Profile

I am a researcher in Physics at the University of Southampton. I love to skate, play video games and sew. At the moment, especially as the skate parks and ice rinks at closed, I’m really into Animal Crossing: New Horizons (who isn’t?)! When I’m not working, I can be found at the local makers club either 3D printing. Currently we are making personal protective equipment for the NHS and local care homes – we’ve made and delivered over 4,500 so far!

At sixth form, I studied English, Art, Physics and Maths at A-level. When choosing my A-level subjects, I was sure that I wanted to study some kind of English Literature based topic at University… Until I found I really liked Physics! More specifically, I liked being able to describe how things worked using equations.

After sixth form, I did a four year undergraduate course in Physics at the University of Bath. I really enjoyed my time studying Physics with lots of interesting new people! I decided to stay and keep learning.

When I’m not working, I enjoy rollerskating!

Recently, I left the University of Bath to go to the University of Southampton. I joined the Airguide Photonics group which works on hollow core fibres. My work involves investigating and splicing hollow core fibres.

When I’m not hiding in a dark lab, I also love rollerskating, gaming or sewing.

Three optical fibres that are transmitting red light. (Image: James Stone)

I design, modify and test optical fibres. These are thin, long strands of very pure glass, typically about the size of human hair, that guide light across extremely long distances.

I work within a team at the University of Southampton to investigate hollow core fibres and their applications. Usually, optical fibres are made of solid glass, but hollow core fibres are, well… hollow on the inside!
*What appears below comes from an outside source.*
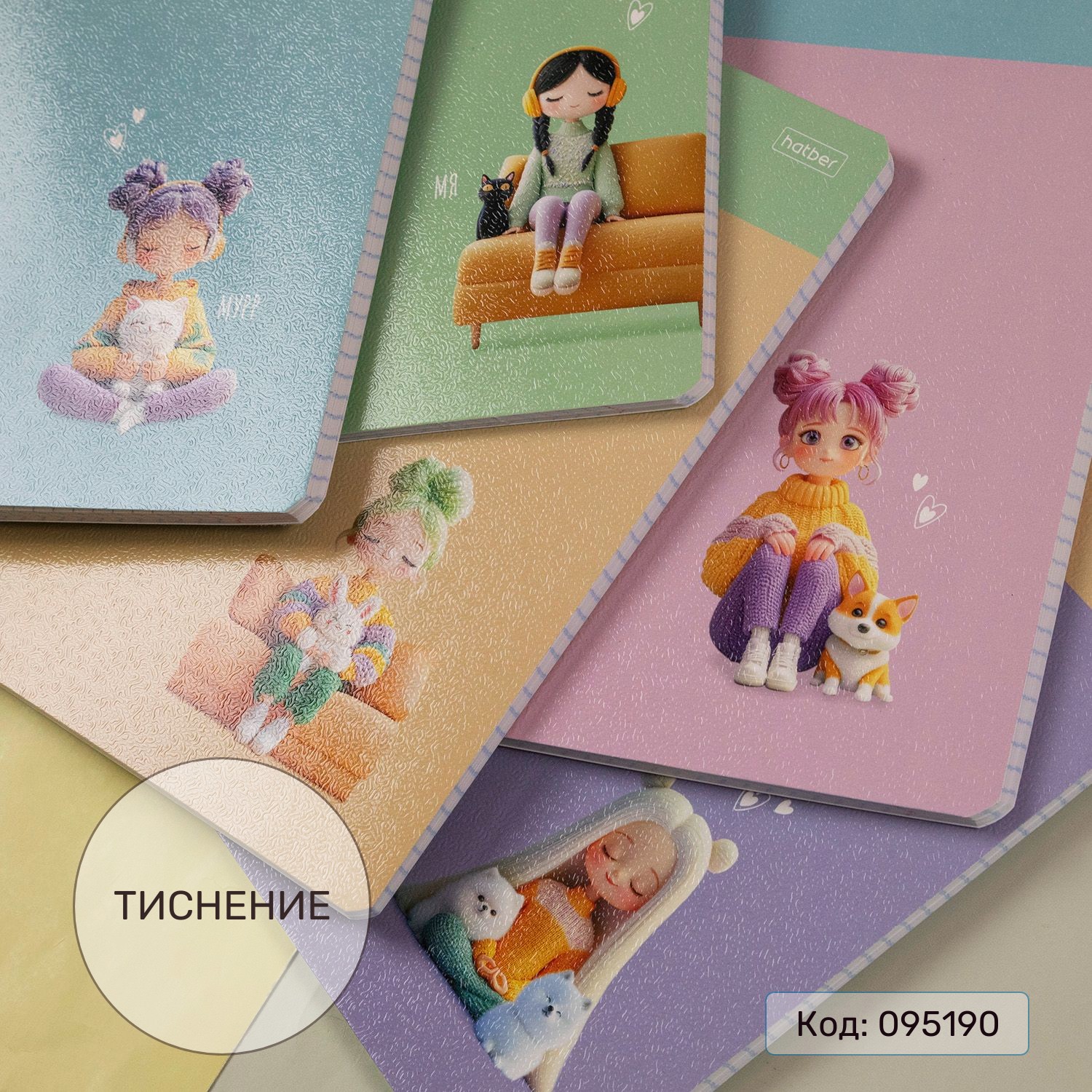 Умиротворение видно в мягких и уютных домашних образах девчонок, в пушистых питомцах, которые всегда рядом. Обложки с тиснением.

This means their structure is almost inside out to a normal optical fibre!

There are very different types of day I can have, depending on what type of work I need to do:

• Testing optical fibre
• Modifying optical fibres

Testing the optical fibre involves investigating how it is working. We need it to carry light well, so it needs to lose very little! On these days, I will spend my morning setting up the necessary equipment to do this – it can take time to look for all of the tools that I need, as expensive equipment is often shared!

Once I have the equipment I need, I will launch laser light into the fibre. This can be very fiddly, because the laser light needs to fall on the end of the very thin fibre to get inside. I have to get the most light I can into my fibre in order to test it. I use a detector or a camera to see how well the fibre carries the light.
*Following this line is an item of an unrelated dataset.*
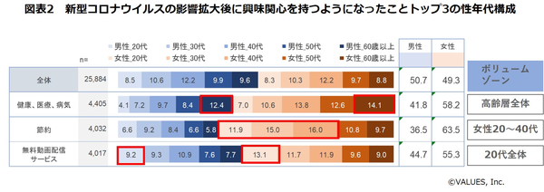 「健康、医療、病気」「節約」「無料動画配信サービス」のトップ3項目について性年代別に見ると、「健康、医療、病気」は60歳以上、「節約」は女性20~40代、「無料動画配信サービス」は20代が、他層に比べて多い。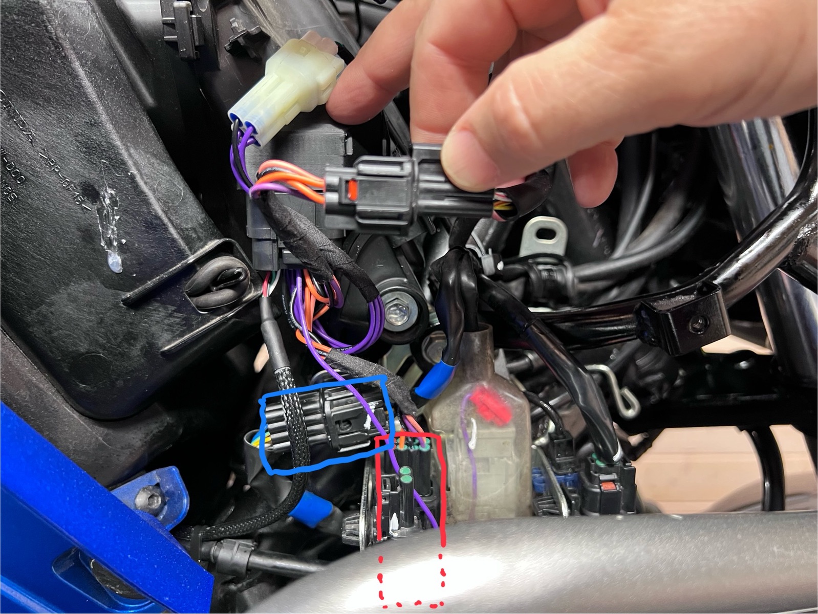 EDIT: Oben im Bild in der roten Markierung ist vor dem 8-Pin Stecker übrigens ein ungenutzter 2-pin Stecker. Der ist laut Veridian für die Honda-Griffheizung.

A powerful laser beam is sent through the optical fibre in a dark lab.

If I want to modify optical fibres, I will use a “splicer”. Cleaved ends of optical fibre are held, heated and then pushed together to form a “splice” where two parts of separated fibre are now joined together. This is really important to be able to launch into the fibre consistently and reliably, and needs to be done very carefully! Other things I might do on a splicer is to “taper” a fibre. This is when the fibre is heated and stretched. Lots of cool structures can be made with this method, that make optical fibres really powerful devices for all sorts of applications in telecommunications, biomedical fields and sensing.

Optical fibres are beautiful and very visually interesting to look at! We really love showing them off, but due to their small size the can be difficult. We have carefully created demonstrations, pre-recorded videos, image galleries, or very rigid models.

An example of some optical fibre equipment that I used with the general public.

While these are all exciting to look at and have a conversation around, my favourite activity that I have done with the public is making a mini spectroscope to take home. Spectroscopes are tools for inspecting the different colours that make up a beam of light, which look very beautiful and are also very scientifically informative. It is important for me that the audience gets to connect with, handle, and build their own science experiments. Spectroscopes are perfect for this, but there is no reason that optical fibres can’t be real hands-on experiments for general audiences too!

One of our scientists shows her audience how to use their freshly made spectroscopes (Image: William Wadsworth).

However, to make real imaging fibre experiments a public engagement activity, I would like to make some new experiments with 3D printed tools and raspberry pis. For example, using a 3D printed microscope, a raspberry pi camera, and some microscope lenses, we could show our real fibres in our public engagement activities. This would allow people to see, use and handle the real fibres themselves, rather than just images and demonstrations. How to build this equipment and experiment is then really easy to share, so anybody with access to a 3D printer could recreate this demonstration! Your school could easily have their own fibre optics experiment!

Onion cells through an imaging fibre. With some equipment, people could use the imaging fibre to do this themselves in our public engagement!